Who’s who with guns?

The Central African Republic is striving to turn the page on decades of armed violence linked to mutinies, coups and attempted coups. Hundreds of thousands of civilians remain displaced, many of them unable, or too afraid, to farm their land. This is an overview of the various armed groups, government security forces and international military missions in the country.

L’Armée Populaire pour la restauration de la république et la démocratie – APRD

A rebel group active in the northwest, where it attacked the town of Paoua in January 2006. Led by former army lieutenant Florian Djadder, it is said to enjoy support from former president Ange-Félix Patassé. Most APRD members, thought to number between a few hundred and a thousand, are drawn from Patassé’s presidential guard.
APRD activity in the northwest displaced large numbers of civilians into the bush and prompted vicious reprisals from government troops, who targeted villages suspected of supporting the rebels.

Having long resisted peace overtures from the government, the APRD agreed in March 2008 to join a national process of political dialogue. In the same month the group appointed Jean-Jacques Démafouth, who served as Patassé’s intelligence chief, as its political leader.

In early May, the APRD was reported to be close to signing a peace deal with the government.

Union des forces démocratique pour le rassemblement – UFDR



Photo: Anthony Morland/IRIN
Government forces burnt houses in northern CAR to deny sanctuary to rebel fighters

Active in the northeast and made up largely of the mainly-Muslim Gula ethnic group, it is operationally led by Damane Zacharia, also known as Capt Yao. Its ranks include men who helped President François Bozizé overthrow Patassé in 2003 but subsequently felt disgruntled with the lack of recompense. The group’s leadership said it was fighting to reverse the region’s chronic marginalisation.

In October 2006 the UFDR overran the town of Birao only to be repelled several days later with the help of French paratroopers.

While under arms, the UFDR demanded Bozizé step down or share power. The group signed a peace deal with the government in 2007 and is taking part in a process of national dialogue.

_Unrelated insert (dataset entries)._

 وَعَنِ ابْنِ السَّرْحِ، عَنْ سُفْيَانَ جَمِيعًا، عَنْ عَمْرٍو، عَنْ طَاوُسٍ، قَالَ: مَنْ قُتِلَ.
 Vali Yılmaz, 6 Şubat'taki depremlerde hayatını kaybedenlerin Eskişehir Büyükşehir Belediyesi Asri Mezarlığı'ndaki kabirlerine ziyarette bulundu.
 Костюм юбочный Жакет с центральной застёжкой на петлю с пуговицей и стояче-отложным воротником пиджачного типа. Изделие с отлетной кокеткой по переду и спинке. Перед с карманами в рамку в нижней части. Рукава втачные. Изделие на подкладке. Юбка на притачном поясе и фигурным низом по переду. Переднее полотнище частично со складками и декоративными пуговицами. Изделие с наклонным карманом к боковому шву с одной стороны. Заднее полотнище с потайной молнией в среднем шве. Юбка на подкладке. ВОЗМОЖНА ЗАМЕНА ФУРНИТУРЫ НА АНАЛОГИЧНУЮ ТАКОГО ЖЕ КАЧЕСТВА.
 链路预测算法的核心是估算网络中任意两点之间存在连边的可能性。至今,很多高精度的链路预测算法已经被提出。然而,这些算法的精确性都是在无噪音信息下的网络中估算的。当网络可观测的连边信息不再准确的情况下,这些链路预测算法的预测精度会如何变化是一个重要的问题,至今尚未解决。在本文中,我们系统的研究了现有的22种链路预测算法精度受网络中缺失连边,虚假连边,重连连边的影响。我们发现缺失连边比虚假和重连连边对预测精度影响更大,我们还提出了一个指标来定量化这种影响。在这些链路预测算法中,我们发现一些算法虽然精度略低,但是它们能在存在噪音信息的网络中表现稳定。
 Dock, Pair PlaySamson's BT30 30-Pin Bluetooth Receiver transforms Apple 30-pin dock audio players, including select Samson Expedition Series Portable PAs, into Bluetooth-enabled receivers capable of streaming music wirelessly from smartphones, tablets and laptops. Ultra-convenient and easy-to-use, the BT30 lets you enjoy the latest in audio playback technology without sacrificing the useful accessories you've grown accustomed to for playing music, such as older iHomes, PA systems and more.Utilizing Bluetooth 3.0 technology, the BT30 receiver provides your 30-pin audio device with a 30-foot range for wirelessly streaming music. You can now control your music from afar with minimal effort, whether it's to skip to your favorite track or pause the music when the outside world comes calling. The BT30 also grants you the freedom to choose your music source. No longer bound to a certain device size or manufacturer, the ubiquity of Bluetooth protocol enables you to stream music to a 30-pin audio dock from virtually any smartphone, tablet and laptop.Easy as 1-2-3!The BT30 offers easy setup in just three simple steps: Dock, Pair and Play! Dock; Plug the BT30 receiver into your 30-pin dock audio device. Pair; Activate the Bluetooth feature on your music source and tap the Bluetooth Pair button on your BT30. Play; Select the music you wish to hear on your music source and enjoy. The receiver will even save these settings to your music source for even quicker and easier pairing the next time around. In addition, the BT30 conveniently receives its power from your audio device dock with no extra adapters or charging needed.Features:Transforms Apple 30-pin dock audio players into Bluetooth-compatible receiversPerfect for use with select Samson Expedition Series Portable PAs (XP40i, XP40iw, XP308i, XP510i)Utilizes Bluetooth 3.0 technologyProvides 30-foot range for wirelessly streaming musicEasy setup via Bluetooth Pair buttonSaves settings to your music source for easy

The Front démocratique du people centrafricaine

Rebel group led by Abdoulaye Miskine, real name Martin Koumtamadji. Since Miskine signed a peace accord with the government in 2007, this group has also been involved in the national dialogue process.

Bandits

Known variously as coupeurs de routes (highwaymen), Zaraguina, or simply bandits, criminal gangs who kill, kidnap for ransom, loot and set fire to homes now pose the greatest threat to civilians in the north.

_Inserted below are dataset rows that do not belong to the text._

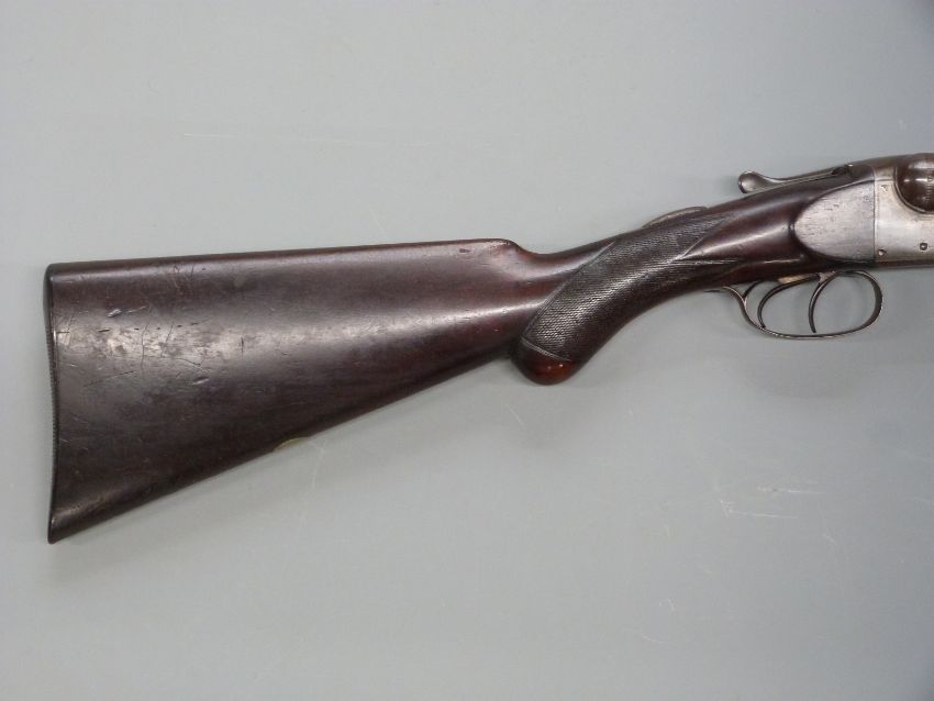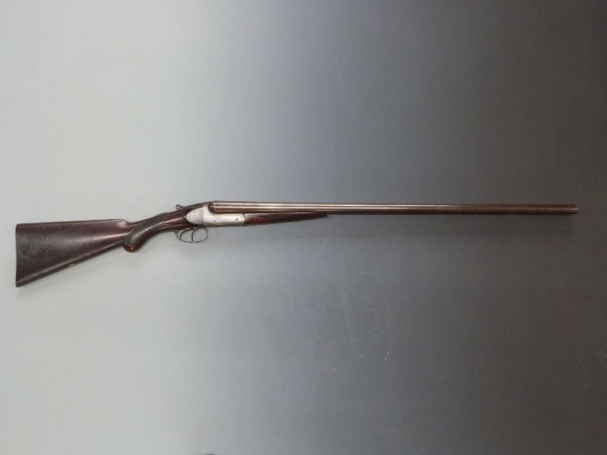 English made 12 bore side by side shotgun with chequered semi-pistol grip and forend, double trigger and 30 inch Damascus barrels, serial number 11336. PLEASE NOTE THAT A VALID RELEVANT FIREARMS/SHOTGUN CERTIFICATE IS REQUIRED TO HANDLE/PURCHASE THIS ITEM.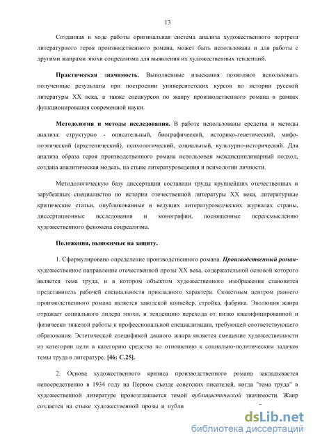 Методология и методы исследования. В работе использованы средства и методы анализа: структурно - описательный, биографический, историко-генетический, мифо-поэтический (архетепический), психологический, социальный, культурно-исторический. Для анализа образа героя производственного романа использован междисциплинарный подход, создана аналитическая модель, на стыке литературоведения и психологии личности.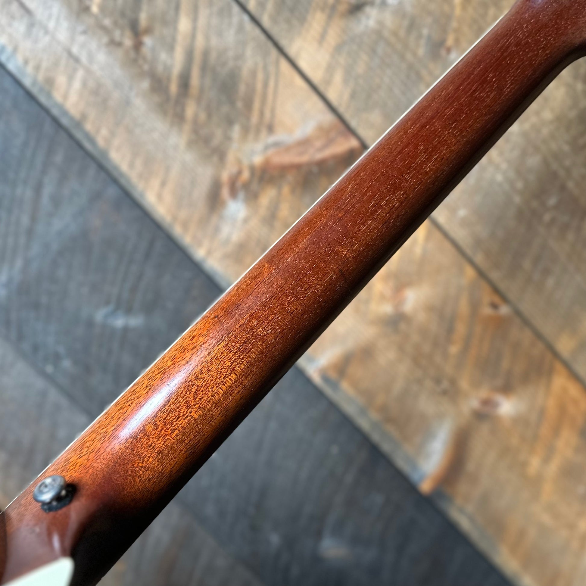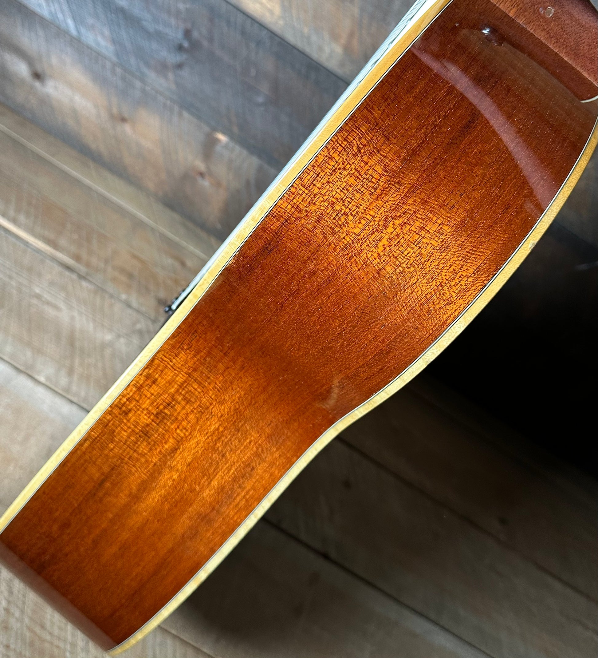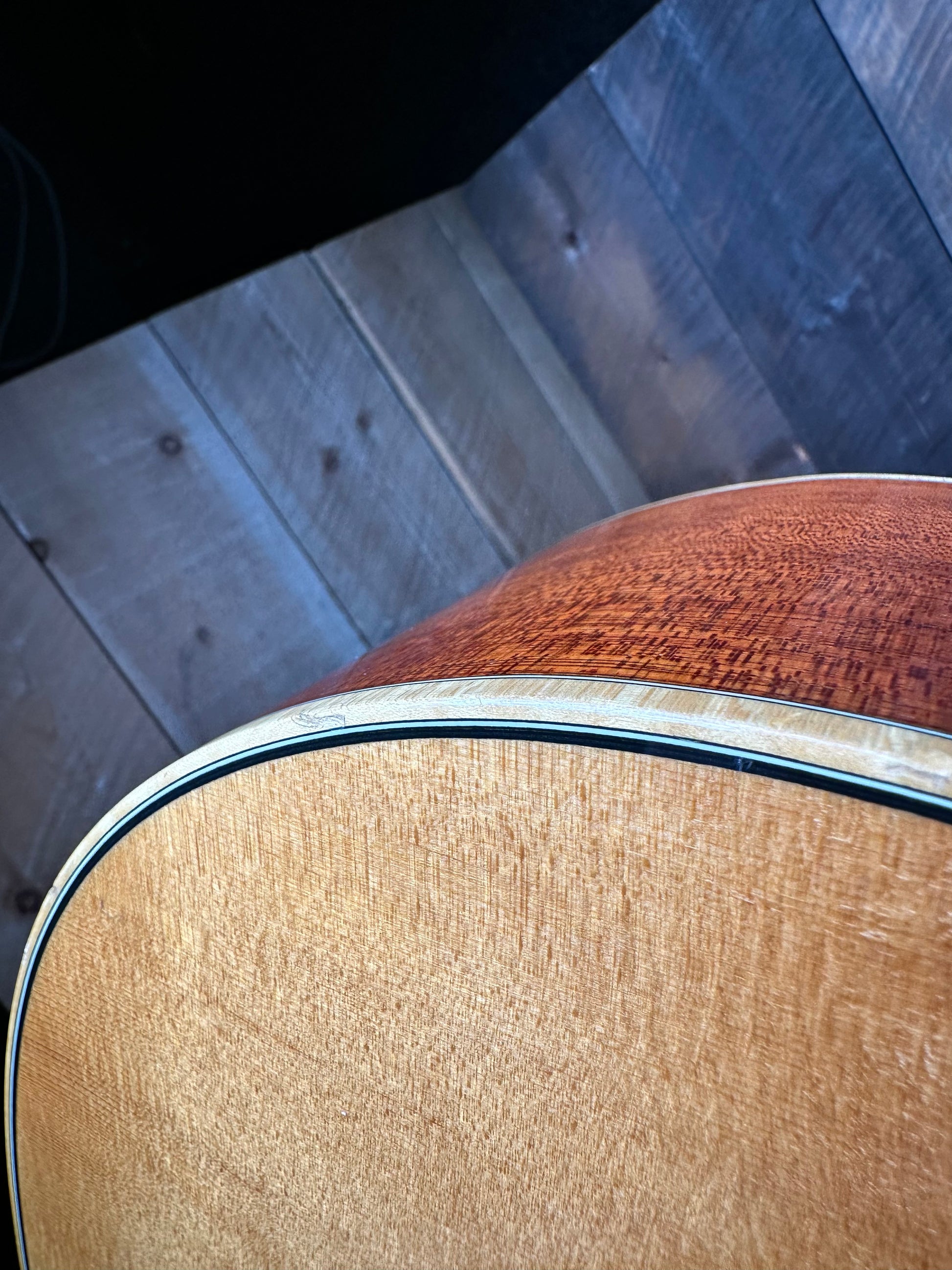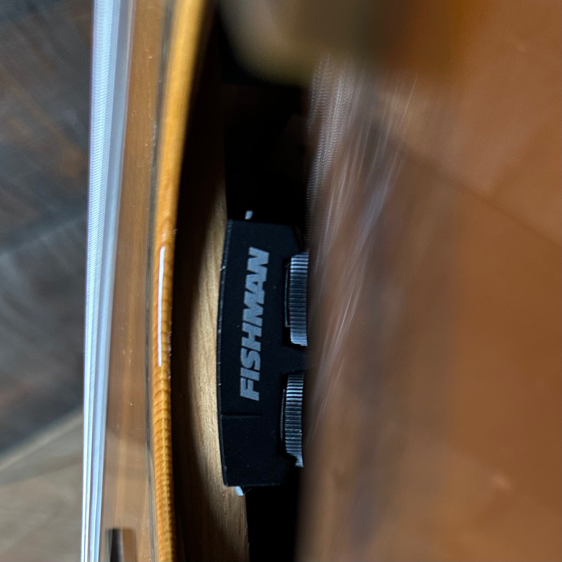 There where two modifications to this guitar one being the strap button on the neck was installed/ relocated. There is a screw hole where the strap button used to be that was professionally filled. The second modification is a great Fishman Matrix Infinity Pickup. Its minimally invasive with a small control panel mounted beneath the sound-hole.

Their attacks have prompted tens of thousands of people to flee their villages for a precarious life in the bush; have hindered access to fields and markets, reduced imports along key trade routes, especially from Cameroon, and delayed the return of CAR refugees living in neighbouring Chad.

Forces Armées Centrafricaine - FACA



Photo: Joseph Benamsse/IRIN
The Paoua market area

The national army, numbering some 5,000 men, only about half of whom are thought to be on active duty at any one time. International human rights groups have accused FACA of burning hundreds of villages during their operations against rebel groups, although their record improved from mid-2007. As well as being undermanned, the army is under-resourced, poorly trained and under-armed, but it is set to undergo major restructuring under a broad reform of the security sector.

Presidential guard

This special service in charge of presidential security contains some police and gendarmerie personnel, but most are drawn from FACA. The presidential guard was singled out by human rights groups for its brutality, although more recent reports suggest it has improved its record and limited its presence largely to the capital. Training and equipment for those in the presidential guard is significantly better that for those in FACA.

European Force (EUFOR) and the UN Mission in CAR and Chad (MINURCAT)

EUFOR is a European Union force authorised by the UN Security Council to operate in both eastern Chad and northeastern CAR, where it has a mandate to protect civilians, facilitate humanitarian assistance and protect UN personnel. It is expected to number 3,700 troops when it reaches full strength.

MINURCAT is a UN force whose role is training police and improving judicial infrastructure. It is made up of 350 police and military personnel.

The two forces work hand-in-hand and, in CAR, are deployed in the northeastern town of Birao.

CEMAC Multinational Force - FOMUC

Deployed by the Economic and Monetary Union of Central Africa (CEMAC) in 2002 to support the regime of then president Ange-Félix Patassé, it is made up of 380 troops from the Republic of Congo, Gabon and Chad. Funded by the European Commission and France, FOMUC has bases in several parts of the country and patrols main roads. As well as providing security, FOMUC’s role includes helping to restructure the national army to tackle Zaraguina bandits.